> [Data extract]:
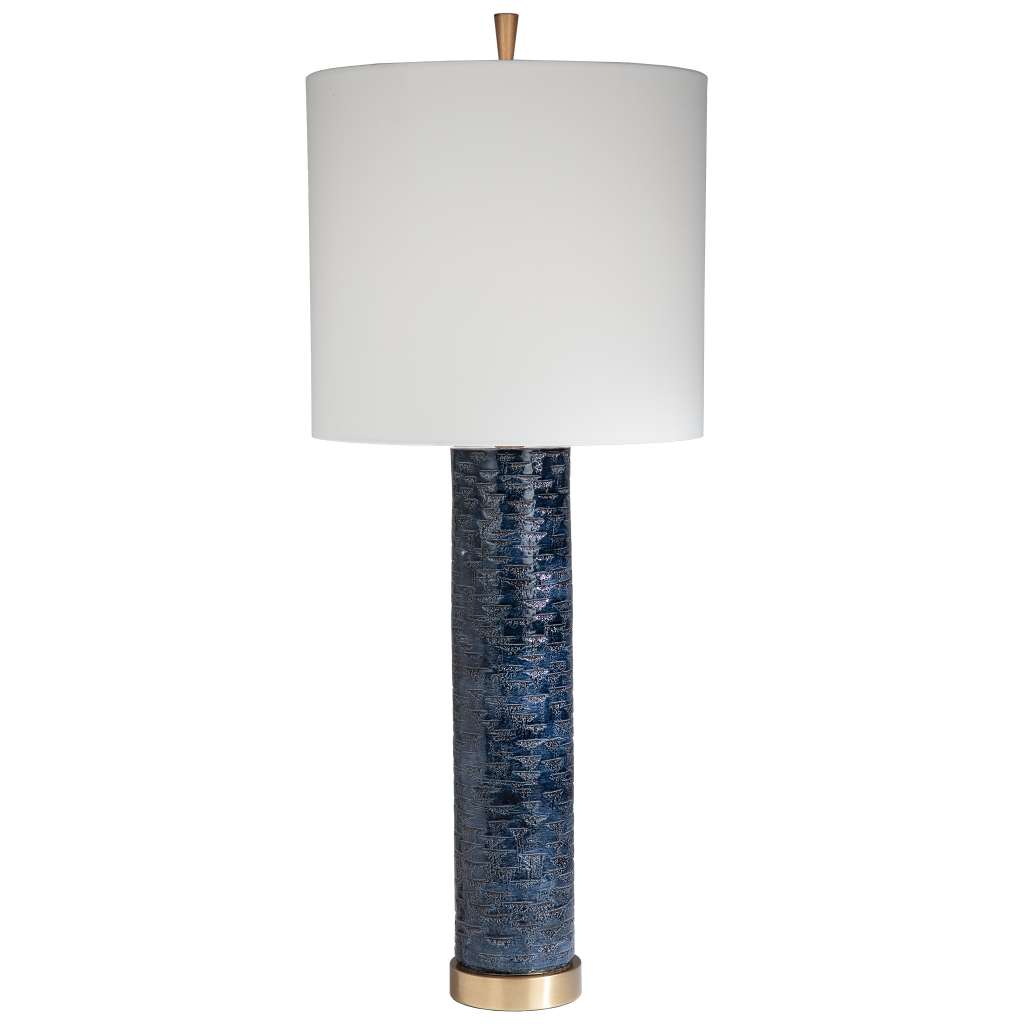 59027- MARCEL Height: 36.5″H Media: Pottery Finish: Glaze Majolica Mounting: antique brass plated steel Special Note: Pantone 19-4125 MARCEL Shade: 89209 – 14.5×14.5×13″Round Drum Sailcloth White 89209 – 14.5×14.5×13″Round Drum Sailcloth White
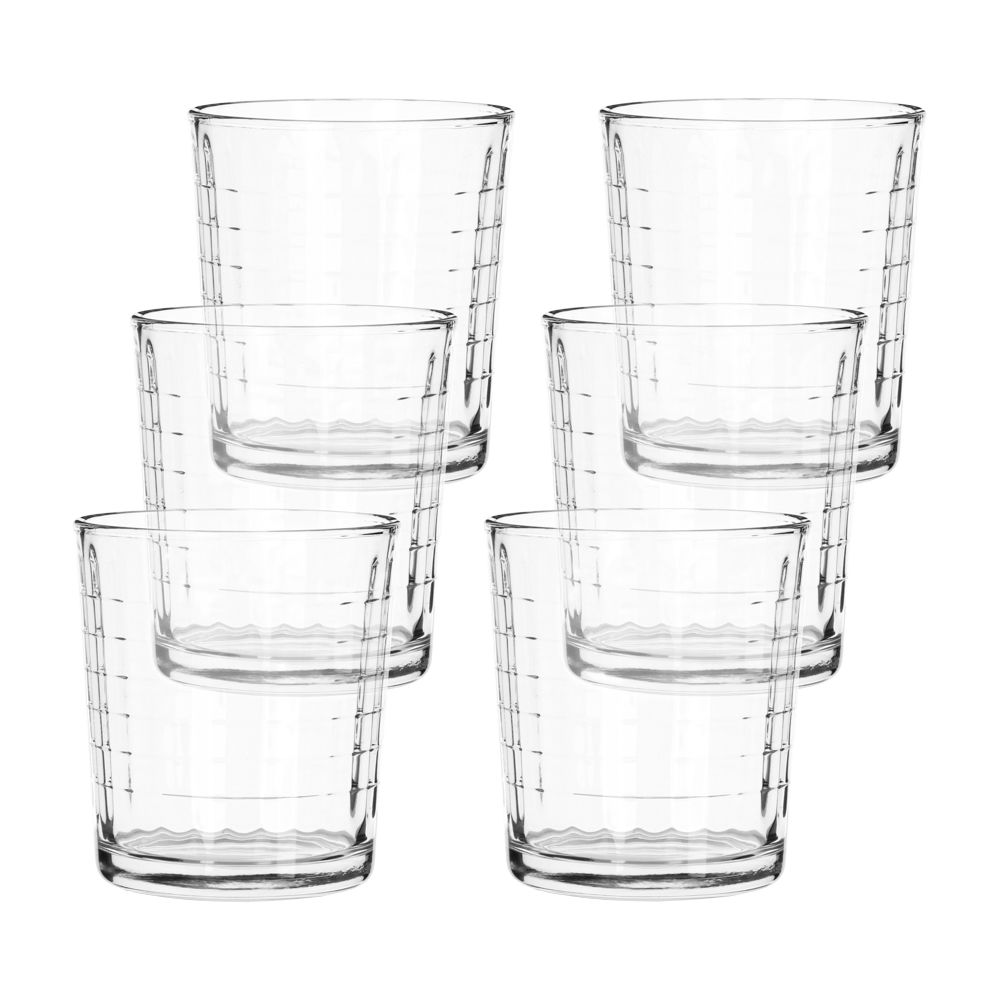 Set 6 vasos de vidrio con diseño texturado en relieve. Tiene una capacidad de 265 ml
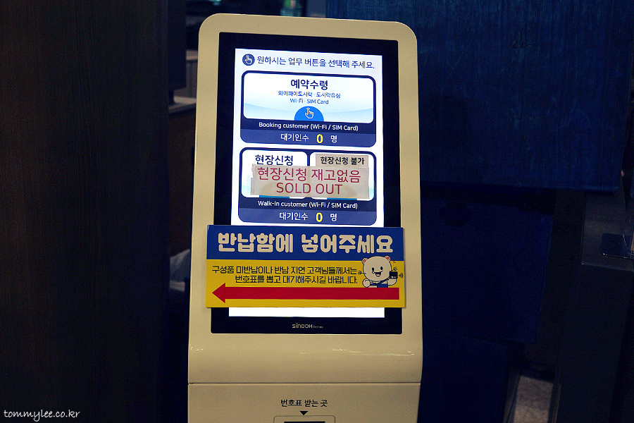 번호표를 받고.. 순서가 되면 데스크로 가서 예약한 와이파이도시락 단말기를 받으면 되는데요..
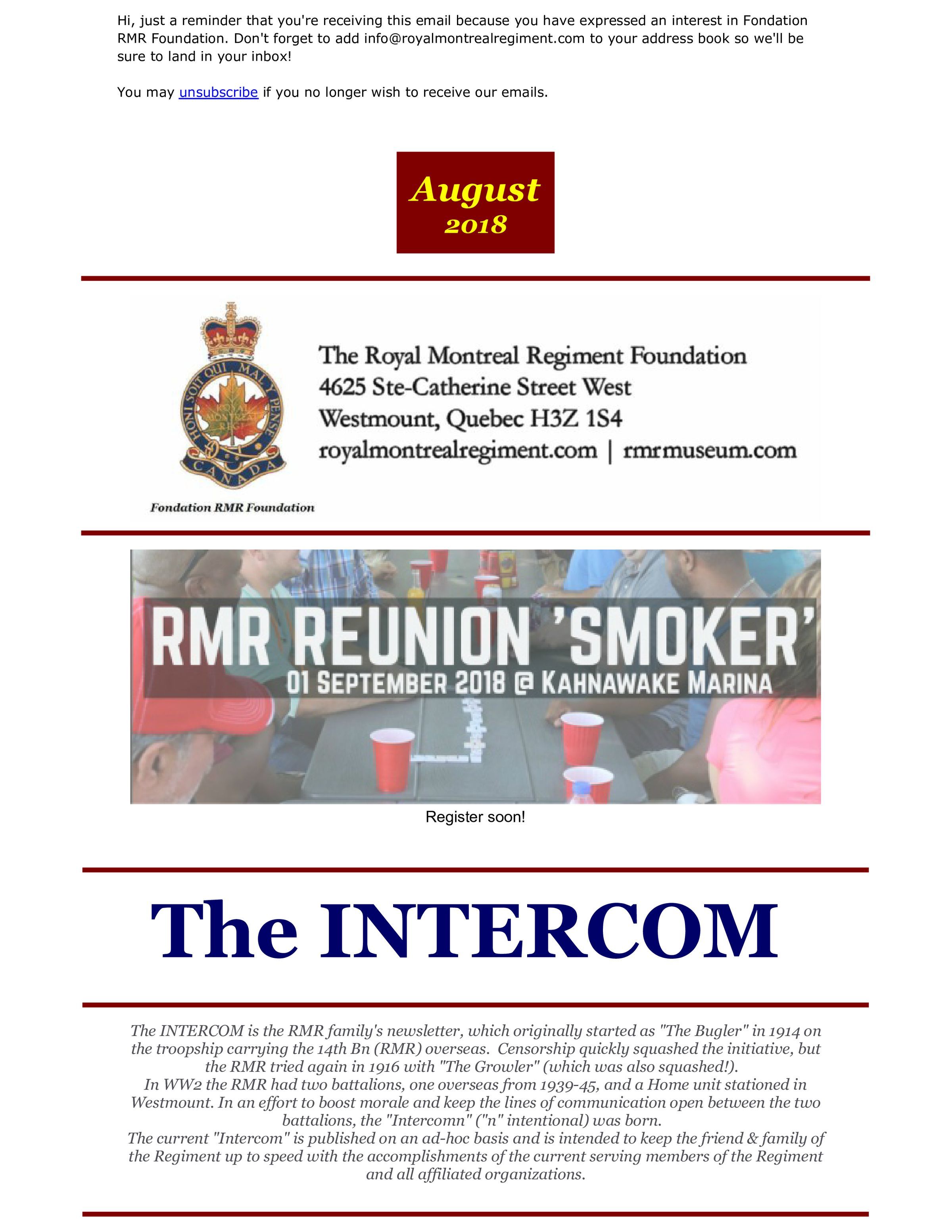 Robinson, Colin Angus, Shone, John Lindegaard, Molson, Andrew, Leroux, Stephan, Carson, Johnny, O'Driscoll, Brigitte, Smith, Christina, Slessor, J. Hamilton, The Royal Montreal Regiment Association, Branch 14, Royal Canadian Legion, Canadian War Museum
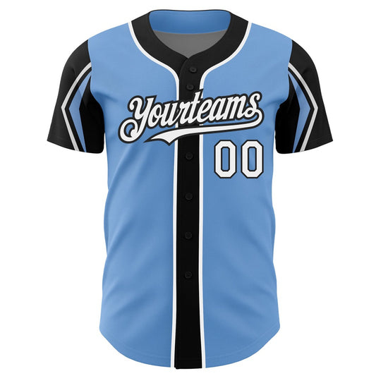 American Baseball Jersey, Custom Light Blue White Black 3 Colors Arm Shapes Authentic Baseball Jersey, Baseball Jersey Name
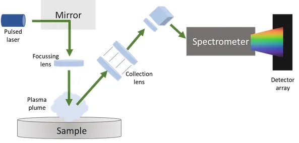 As illustrated, a LIBS analyzer typically consists of a laser, a laser focusing optical system, a spectra collection optical system, and a high-resolution spectrometer. Additionally, it often includes a specially designed timing control system, a sample chamber, and data analysis software.
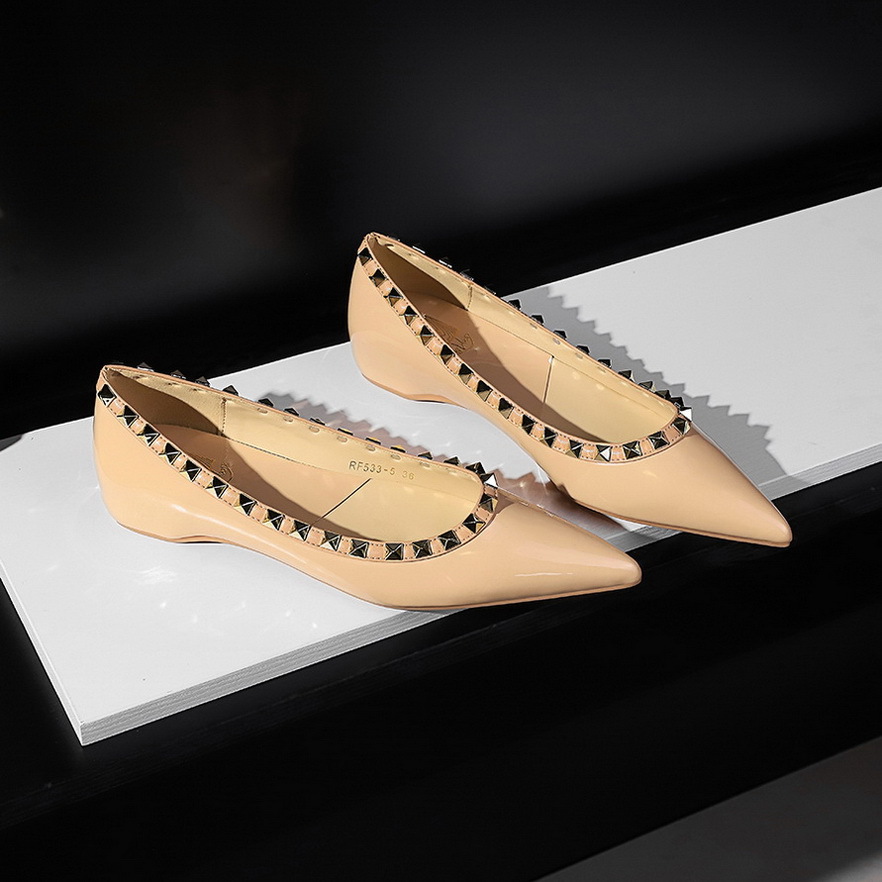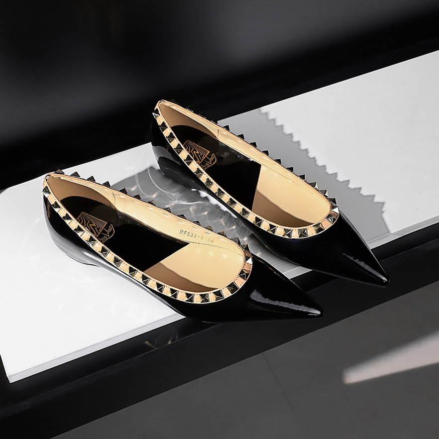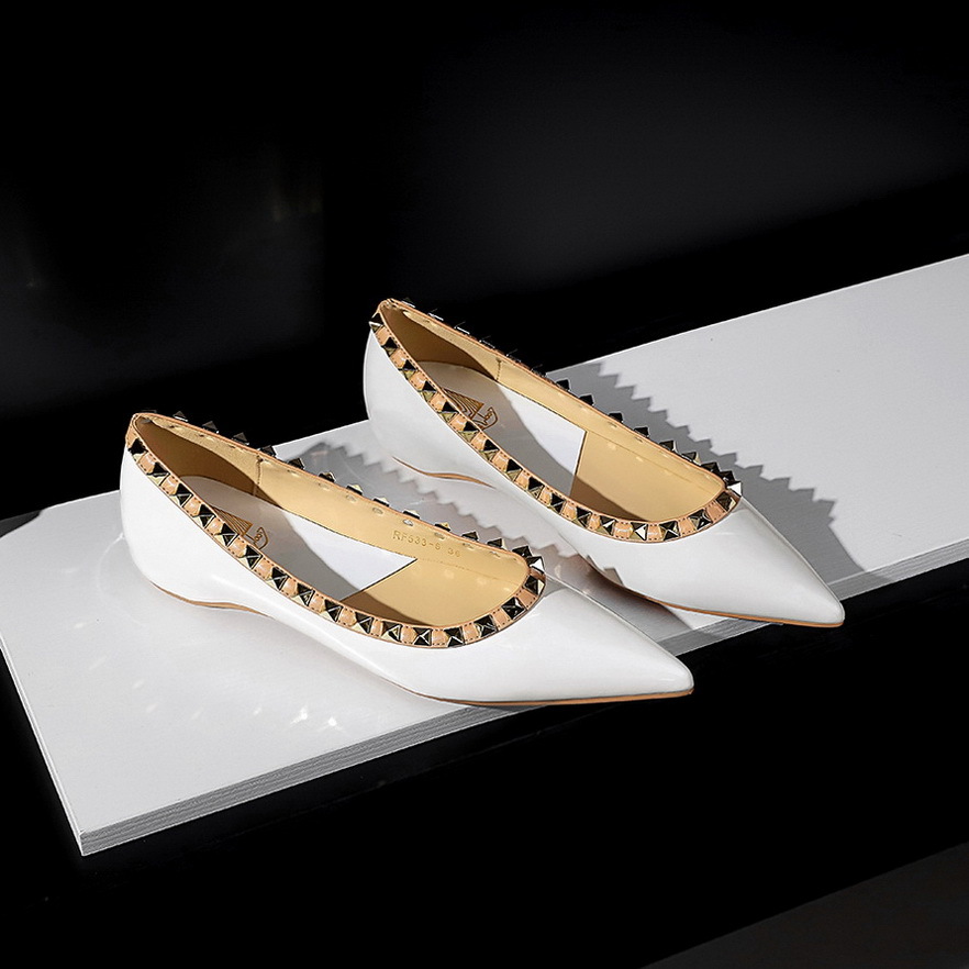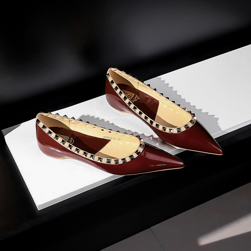 577-5 유럽과 미국의 여성 신발 웨지 로우 힐 조커 편안한 내부 높이 특허 가죽 얕은 입 뾰족한 금속 리벳 싱글 신발

> [What to work on]: Could you please write out the entries exactly as they are, with every picture left out?

> [The completed task]:
 59027- MARCEL Height: 36.5″H Media: Pottery Finish: Glaze Majolica Mounting: antique brass plated steel Special Note: Pantone 19-4125 MARCEL Shade: 89209 – 14.5×14.5×13″Round Drum Sailcloth White 89209 – 14.5×14.5×13″Round Drum Sailcloth White
 Set 6 vasos de vidrio con diseño texturado en relieve. Tiene una capacidad de 265 ml
 번호표를 받고.. 순서가 되면 데스크로 가서 예약한 와이파이도시락 단말기를 받으면 되는데요..
 Robinson, Colin Angus, Shone, John Lindegaard, Molson, Andrew, Leroux, Stephan, Carson, Johnny, O'Driscoll, Brigitte, Smith, Christina, Slessor, J. Hamilton, The Royal Montreal Regiment Association, Branch 14, Royal Canadian Legion, Canadian War Museum
 American Baseball Jersey, Custom Light Blue White Black 3 Colors Arm Shapes Authentic Baseball Jersey, Baseball Jersey Name
 As illustrated, a LIBS analyzer typically consists of a laser, a laser focusing optical system, a spectra collection optical system, and a high-resolution spectrometer. Additionally, it often includes a specially designed timing control system, a sample chamber, and data analysis software.
 577-5 유럽과 미국의 여성 신발 웨지 로우 힐 조커 편안한 내부 높이 특허 가죽 얕은 입 뾰족한 금속 리벳 싱글 신발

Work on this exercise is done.